I have already eliminated gluten due to a wheat allergy. In the past three months or so, I have cut out a majority of dairy in the form of cheese (I could never have imagined!), though I have not been entirely strict about it. Mostly I cut cheese out because I felt like I was eating it daily because I was accustomed to eating it and not so much because I was enjoying it. So I have changed to eating cheese when I want it–which isn’t as much as I had thought–and similarly with other dairy items. Again, I didn’t cut it all out, I just cut back a lot. Maybe 70% less than before.
The exclusion diet that T had been trying was something called the Whole30. I’ve been reading about it and learning the rules, and Hub and I have decided to give it a try. What makes it less…stressful, is that they suggest you do this for 30 days and then start re-introducing “non-compliant” foods one at a time to see what kind of reactions you have. When I say “reactions” this time, I mean physical and emotional reactions, as well as digestive/allergic reactions. Apparently Whole30 excludes all grains (including corn), legumes, dairy, certain oils, and added sugars (no matter if it’s real or fake sugars). They also urge people to eat as clean as possible, with organic (and hormone-free, and non-gmo, and humanely raised) meats, fruits, and veggies. Of course that can be difficult for a lot of people, both in terms of access and budget, so they suggest you do the best you can within your circumstances.
Generally speaking, Hub and I eat pretty balanced meals at dinner. We cook a lot, mostly because of my wheat issues and Hub’s diabetes. What will be more difficult is breakfast (which I don’t eat and I have a tolerance issue with eggs, which mostly is what they recommend for breakfast) and lunch. I don’t eat or like breakfast foods, so I am concerned about how to handle that. I eat split pea soup with mushrooms every day for lunch, with little variation. It keeps my bowels working well and it also means I don’t have to THINK about what to eat every day. On the Whole30, no legumes means no split peas. Hub eats a lot of dairy and lots of bread (and grains) and cereal, especially for breakfast. He eats lunch out when he’s at the office more than he takes food from home, which means more adjustments for him.
Although I’m worried about what I’m going to eat, I feel like it’s going to be easier for me in most instances than for Hub. I don’t eat out nearly as much as he does (mostly once a week so we can spend time with my father), I don’t eat hardly any bread–and can give up the stuff I eat without any problem–and I don’t eat cereal. I can more easily adjust to eating no added sugar because I don’t add sugar to anything except tea, which I rarely drink. (And when I say no added sugar, I mean NO SUGAR in any ingredient in any form in any item with the exception of naturally occurring sugar in whole foods.) And I think I can adapt my “first meal” of the day more easily than Hub, because I’ll just eat leftovers from one of our dinners. Also, I don’t get bored with food to the point that I won’t EAT the leftover food. I’ll just eat it because it’s easy, but Hub will turn his nose up at it if he’s “bored”.
We’ve already started a menu for the first week, at least for dinner and for Hub’s lunches. I’ll probably eat more salad than I have in recent months, because I’ll put leftover proteins on a salad and eat it that way with homemade oil and balsamic dressing, or homemade mayonnaise (or I’ve found “compliant” avocado mayo).

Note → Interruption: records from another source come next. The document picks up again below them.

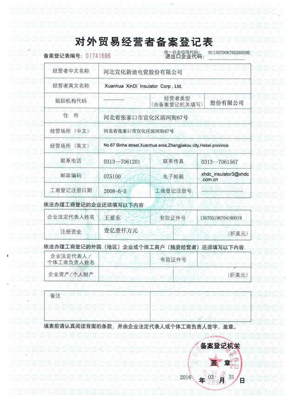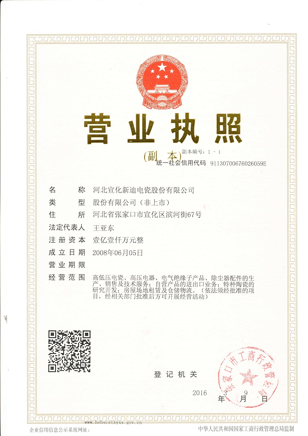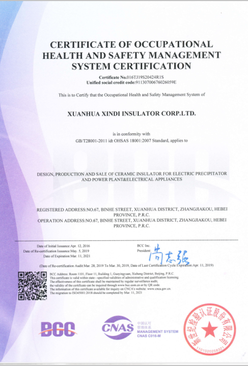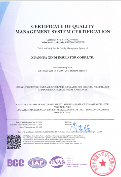 2017年2月,榮獲河北省中小企業(yè)靜電除塵器用瓷絕緣子”名牌證書"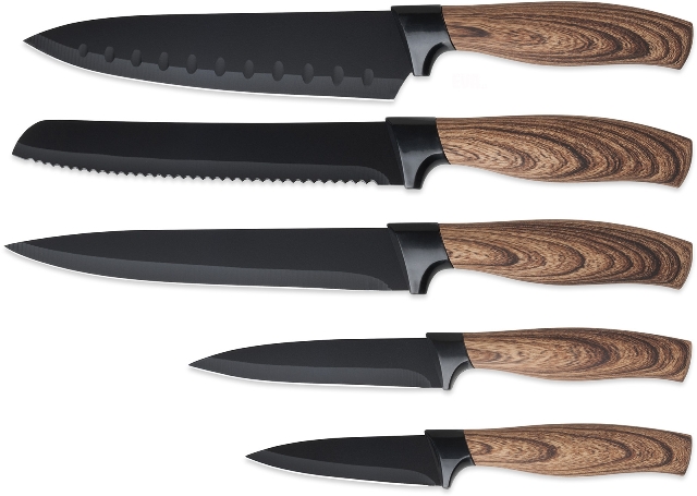 Sada nožů Kitchisimo 5 ks V dárkové krabičče, s nepřilnavým povrchem, rukojeť v imitaci dřeva, vhodné do myčky nádobí. 20000 bodů |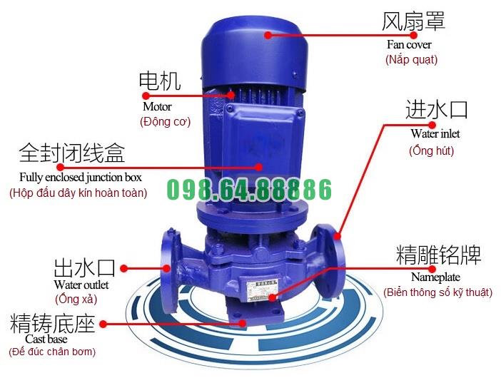 Máy bơm inline, bơm tăng áp, bơm đồng trục thẳng đứng ISG80-160B, IRG80-160B 5.5kw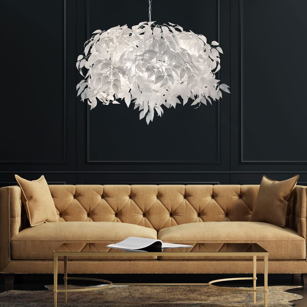Reality Leuchten Pendelleuchte Leavy R10464001, Metall Nickel matt, Schirm Kunststoff weiss, 4 x E14, 70 x 70 x 150 cm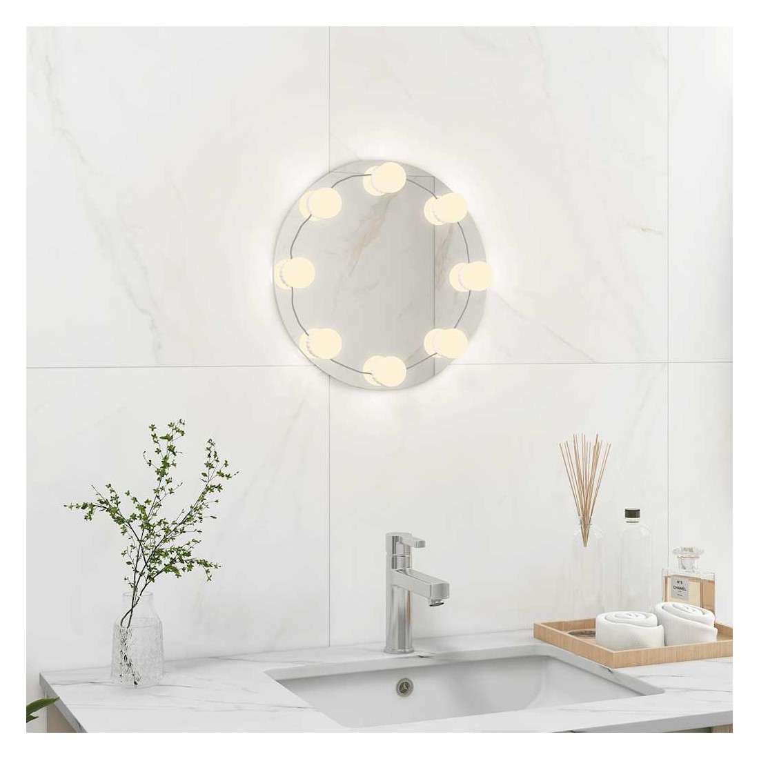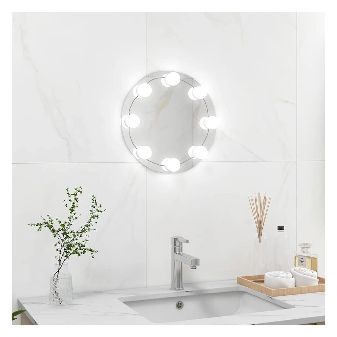 Ajoutez une touche de style contemporain à votre chambre à coucher, salon ou dressing avec ce miroir mural pratique avec lampes LED ! Le bord du miroir est moulu pour lui donner un aspect propre. Vous pouvez également acheter plusieurs miroirs et les disposer dans un motif décoratif. La lampe de miroir de maquillage autocollante dispose de différents modes de couleur pour répondre à vos besoins en fonction de la situation. En raison de la distance libre entre deux lampes, le câble supplémentaire peut être caché en enroulant le fil autour du fond de l'ampoule pour obtenir le meilleur effet de bricolage et garder votre miroir propre et sans couture. Décorée avec ce miroir à LED, votre pièce obtient un aspect spacieux.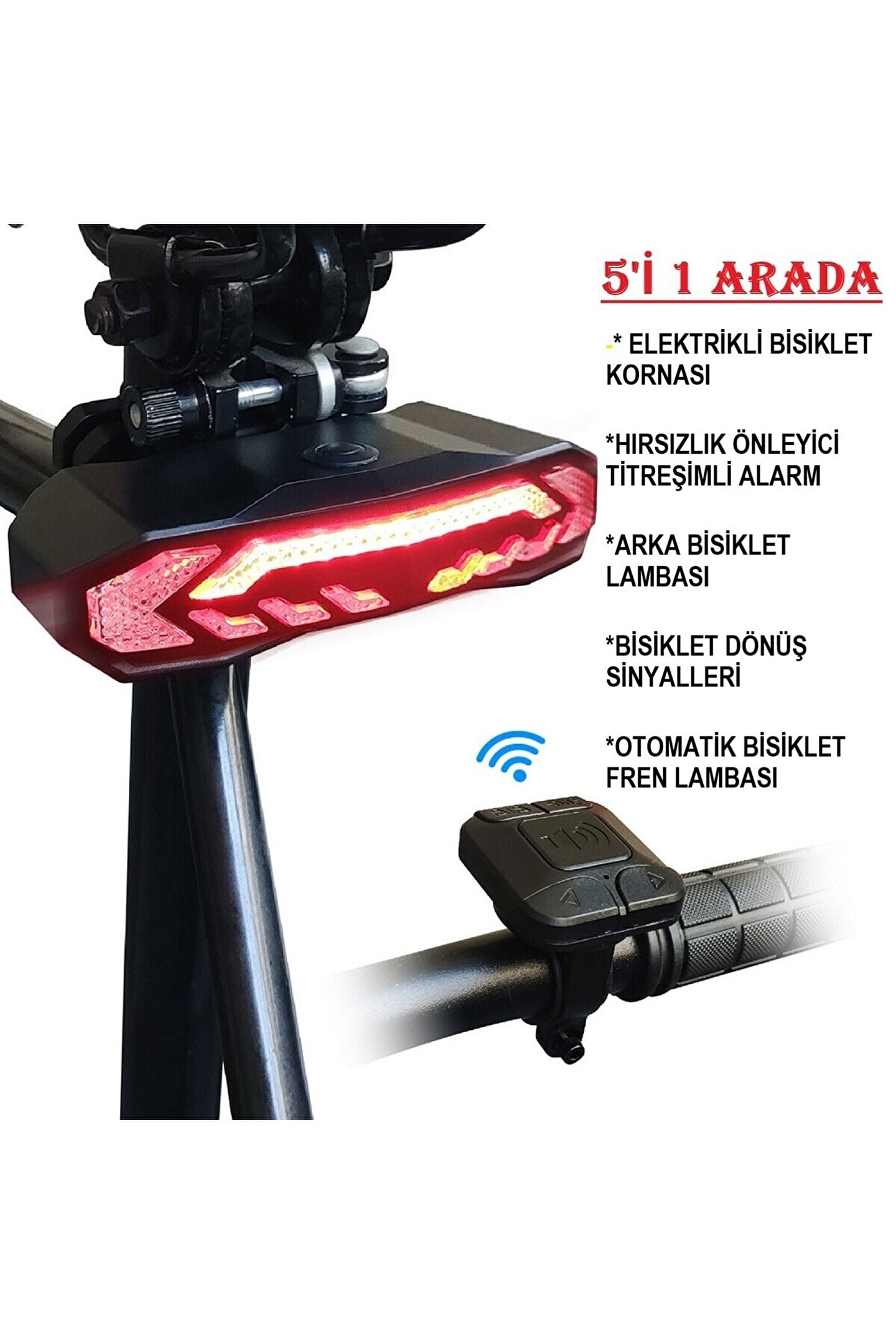 Akıllı Şarj Edilebilir Bisiklet Arka Lamba Dönüş Sinyali Stop Işığı, Uzaktan Kumandalı Alarm, Korna

The Whole30 says no snacking because if you’re hungry in between meals then you’re not eating the right amount of proteins and fats with your meals. Lots of people in videos basically said they snacked on veggies or protein snacks when they thought they were hangry in between meals. Again, the idea of the Whole30 is supposed to be “resetting” your mindset when it comes to what you’re eating and why you’re eating it. Some people do the Whole30 because they have a kind of addiction to food, or an unhealthy relationship with food (hello! right here!), while others use it to figure out what might be bothering them physically or emotionally.
T told me she had tons more energy, stopped using antacids, her fibro pain was reduced, and her post-shingles pain was reduced. A lot of people I’ve seen on youtube or read on blogs have had similar responses, with reduced pain, reduced inflammation, and better gastro symptoms, better sleep, better energy while on the Whole30.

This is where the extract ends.